Provided information:
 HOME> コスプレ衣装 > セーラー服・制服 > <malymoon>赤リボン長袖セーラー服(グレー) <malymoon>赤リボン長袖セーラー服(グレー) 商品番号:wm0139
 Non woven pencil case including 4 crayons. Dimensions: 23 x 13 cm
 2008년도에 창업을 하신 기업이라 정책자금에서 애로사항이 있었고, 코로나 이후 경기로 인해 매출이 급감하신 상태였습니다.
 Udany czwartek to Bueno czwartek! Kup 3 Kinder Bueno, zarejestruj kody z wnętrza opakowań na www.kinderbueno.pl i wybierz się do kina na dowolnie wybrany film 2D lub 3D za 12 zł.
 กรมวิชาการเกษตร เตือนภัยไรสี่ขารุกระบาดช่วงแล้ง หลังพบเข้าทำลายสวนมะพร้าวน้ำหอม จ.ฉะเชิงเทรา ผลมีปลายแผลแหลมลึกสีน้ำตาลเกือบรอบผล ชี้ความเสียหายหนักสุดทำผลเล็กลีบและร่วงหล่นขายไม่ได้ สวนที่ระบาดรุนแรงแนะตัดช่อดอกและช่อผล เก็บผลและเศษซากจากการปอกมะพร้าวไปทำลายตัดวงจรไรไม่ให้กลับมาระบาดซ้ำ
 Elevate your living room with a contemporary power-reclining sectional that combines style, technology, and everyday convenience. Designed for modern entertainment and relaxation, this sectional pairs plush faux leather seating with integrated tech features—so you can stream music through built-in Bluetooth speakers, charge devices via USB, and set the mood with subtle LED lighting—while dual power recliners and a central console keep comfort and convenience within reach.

* * *

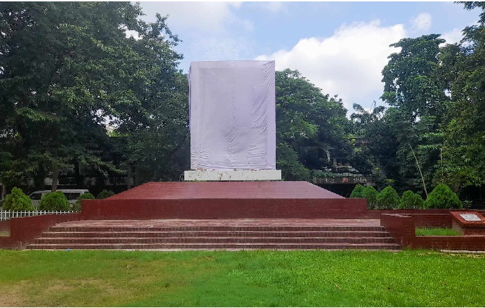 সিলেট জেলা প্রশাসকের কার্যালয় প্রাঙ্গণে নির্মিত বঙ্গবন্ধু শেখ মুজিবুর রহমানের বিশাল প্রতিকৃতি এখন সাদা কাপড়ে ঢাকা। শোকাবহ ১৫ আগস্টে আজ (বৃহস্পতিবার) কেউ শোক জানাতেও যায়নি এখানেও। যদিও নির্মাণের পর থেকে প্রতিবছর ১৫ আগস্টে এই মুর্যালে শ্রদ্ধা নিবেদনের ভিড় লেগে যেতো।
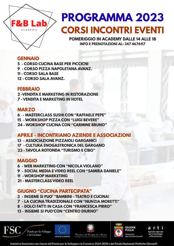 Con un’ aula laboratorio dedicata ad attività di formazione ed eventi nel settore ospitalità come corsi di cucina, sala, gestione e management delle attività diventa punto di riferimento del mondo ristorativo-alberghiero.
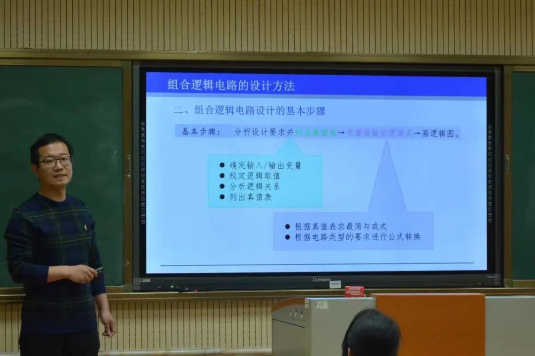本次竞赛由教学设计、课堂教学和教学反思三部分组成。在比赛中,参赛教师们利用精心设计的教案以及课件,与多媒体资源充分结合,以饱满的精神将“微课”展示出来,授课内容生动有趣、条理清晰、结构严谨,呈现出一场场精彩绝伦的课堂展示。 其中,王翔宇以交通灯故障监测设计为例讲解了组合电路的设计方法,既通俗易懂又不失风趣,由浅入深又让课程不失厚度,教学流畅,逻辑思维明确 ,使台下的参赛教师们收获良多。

Description of the task:
Starting with the line that holds "HOME> コスプレ衣装 >" and ending with the line that holds "2008년도에 창업을 하신", retype every line in the data above exactly, and nothing else.

Response area:
 HOME> コスプレ衣装 > セーラー服・制服 > <malymoon>赤リボン長袖セーラー服(グレー) <malymoon>赤リボン長袖セーラー服(グレー) 商品番号:wm0139
 Non woven pencil case including 4 crayons. Dimensions: 23 x 13 cm
 2008년도에 창업을 하신 기업이라 정책자금에서 애로사항이 있었고, 코로나 이후 경기로 인해 매출이 급감하신 상태였습니다.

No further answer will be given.